The 14-member board of 50-50 in 2020: Political Equity for Iowa Women was scheduled to announce the initiative today in eight cities in Iowa, including Ames.
Launched by Maggie Tinsman, a Quad Cities Republican who was the first woman elected to the Scott County Board of Supervisors and is an 18-year veteran of the Iowa Senate, and Jean Lloyd-Jones, an Iowa City Democrat who served eight years each in the Iowa House and Senate, the initiative includes plans for a three-day intensive training event for women.
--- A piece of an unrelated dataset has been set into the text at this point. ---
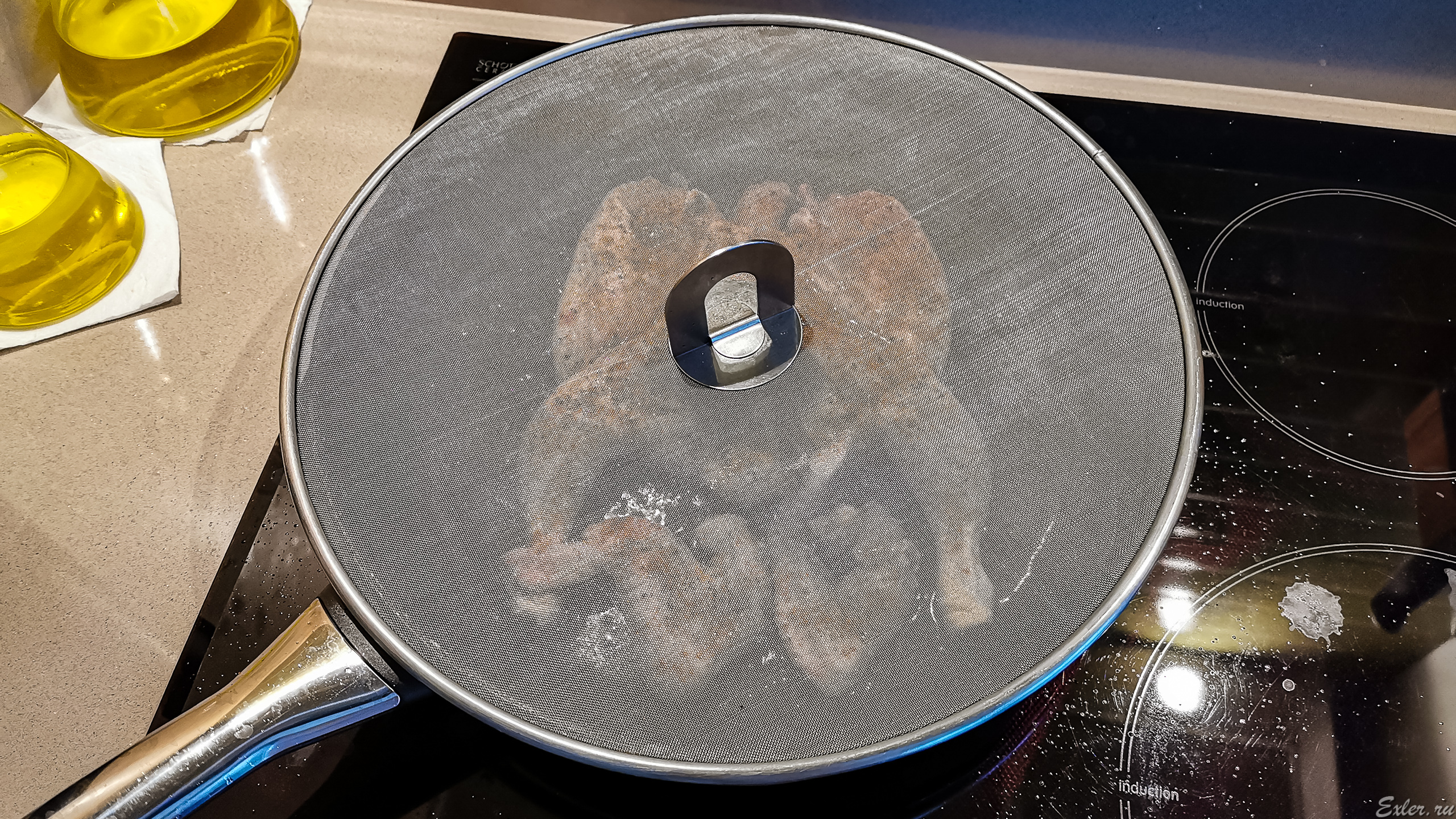 Сковородку при этом хорошо накрыть сеткой, чтобы не забрызгать жиром все вокруг.

The "Blueprint for Winning Academy" will be hosted by the Carrie Chapman Catt Center for Women and Politics at Iowa State University and the Iowa NEW Leadership program in Iowa City in January 2012.
Dianne Bystrom, director of the Catt Center, said the center is "thrilled to be a partner with the 50-50 in 2020 initiative."
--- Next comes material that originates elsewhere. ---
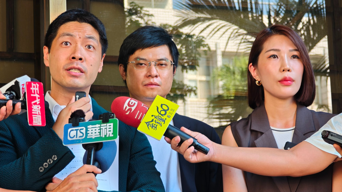 媒體人馬郁雯(圖右)與青年監督聯盟發起人陳又新(圖左)、執行長許譽騰(圖中),在今(10/14)日上午前往台北地檢署告發王鴻薇、張凱維2人涉貪。呂志明攝

"It fits with the Ready to Run Iowa: Campaign Training for Women program we've been doing in conjunction with Center for American Women and Politics of the Eagleton Institute of Politics at Rutgers University for several years," Bystrom said.
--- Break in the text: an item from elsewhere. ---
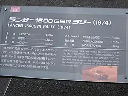 - ↑ Article A Glorious Heritage - Chronological history of Mitsubishi Motor Sports activities, MITSUBISHI LANCER 1600 GSR, sur le site officiel www.mitsubishi-motors.co.jp

The Catt Center offers Ready to Run Iowa every other year, and the next program, scheduled for June 2011, will dovetail with the 50-50 in 2020 initiative, Bystrom said.
"We're coordinating our efforts to meet shared goals to get more women to run for elected and appointed office," Bystrom said. "There can't be too many of us doing this work."
Even with a record high of 35 women in the Iowa Legislature, the state still ranks 27th in the nation in that regard, Bystrom said.
"And worse, Iowa and Mississippi are the only two states that have never sent a woman to Congress or elected a woman governor," she said.
The current political climate presents opportunities for women candidates, however, Bystrom said, at a time when voters are seeking "change."
"In general, voters perceive women candidates as being more honest and more competent on such issues as education and health care than their male counterparts and consider them equally as competent on economic issues as men," she said.
Nationally, 238 Democratic and Republican women are running for the U.S. Senate, U.S. House of Representatives and governorships in 2010, according to figures from the Rutgers Center for American Women and Politics. Twenty-nine women are running for lieutenant governor seats, including Iowa incumbent Democrat Patty Judge and Republican challenger Kim Reynolds, and 76 women are running for other statewide elected executive offices, including Republican Brenna Findley, who is running as a challenger for attorney general in Iowa.
Tinsman said last year Hillary Clinton and Sarah Palin "upped the ante quite a bit" for women candidates and women voters, and Iowa has great stock from which to draw.
"We have a million women who are well educated," she said, "plus, 53 percent of the electorate is female, and they vote heavily."
Tinsman said the 50-50 in 2020 initiative isn't asking to give women the upper hand or make them the majority.
"We just want balance," she said. "2020 will mark a century since women's suffrage. A century is long enough for equity."